:: Task brief ::
Reproduce the records below exactly, but only between the lines holding "Com dois compartimentos, a" and "Хорошо, что вертолеты", inclusive.

:: Dataset extract ::
·····

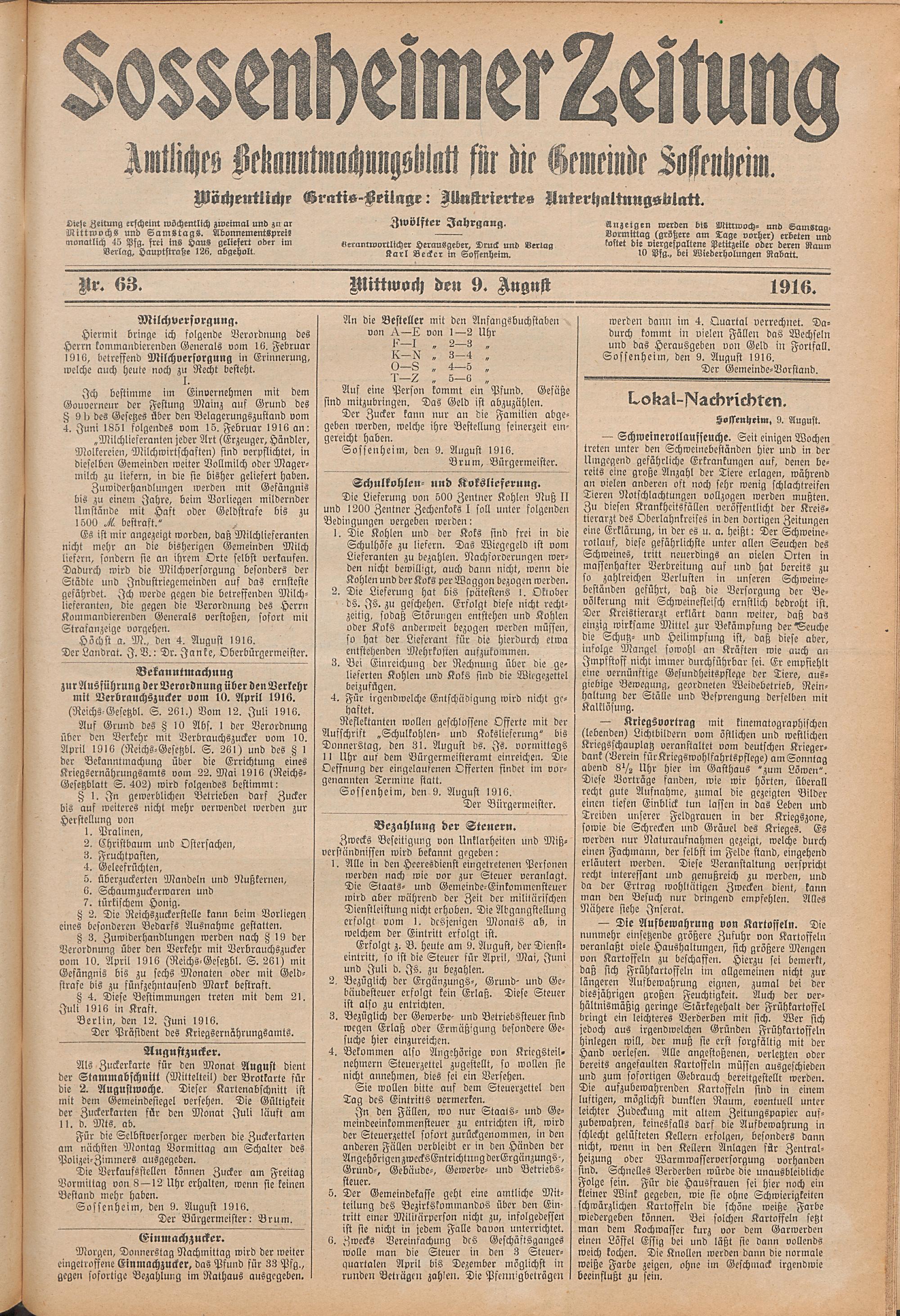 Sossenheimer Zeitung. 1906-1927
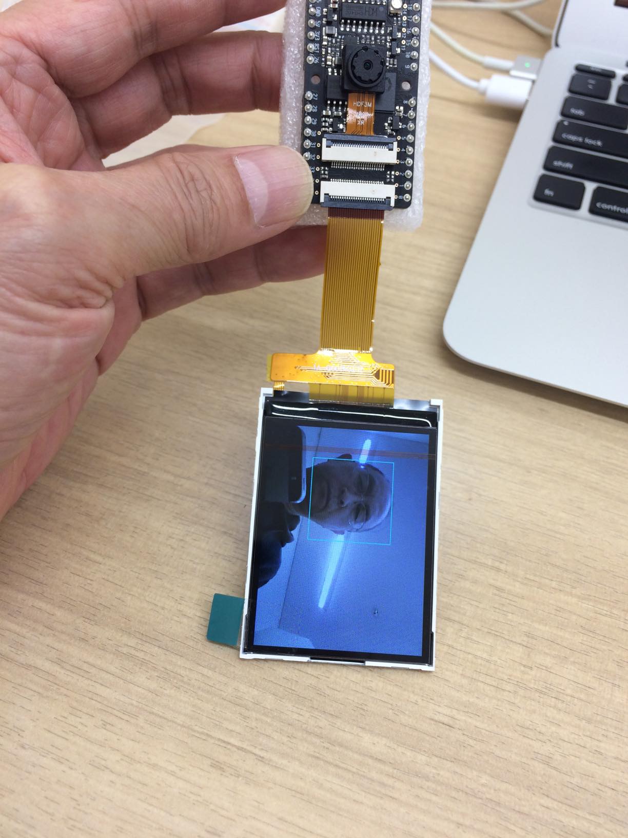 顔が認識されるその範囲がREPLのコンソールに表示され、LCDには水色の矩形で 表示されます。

·····

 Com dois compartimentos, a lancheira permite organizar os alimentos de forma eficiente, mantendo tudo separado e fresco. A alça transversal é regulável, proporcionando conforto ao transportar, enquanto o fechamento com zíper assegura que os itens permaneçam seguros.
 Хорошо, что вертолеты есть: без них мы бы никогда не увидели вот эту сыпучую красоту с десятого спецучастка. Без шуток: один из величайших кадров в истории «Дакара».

·····

:: Solved exercise ::
 Com dois compartimentos, a lancheira permite organizar os alimentos de forma eficiente, mantendo tudo separado e fresco. A alça transversal é regulável, proporcionando conforto ao transportar, enquanto o fechamento com zíper assegura que os itens permaneçam seguros.
 Хорошо, что вертолеты есть: без них мы бы никогда не увидели вот эту сыпучую красоту с десятого спецучастка. Без шуток: один из величайших кадров в истории «Дакара».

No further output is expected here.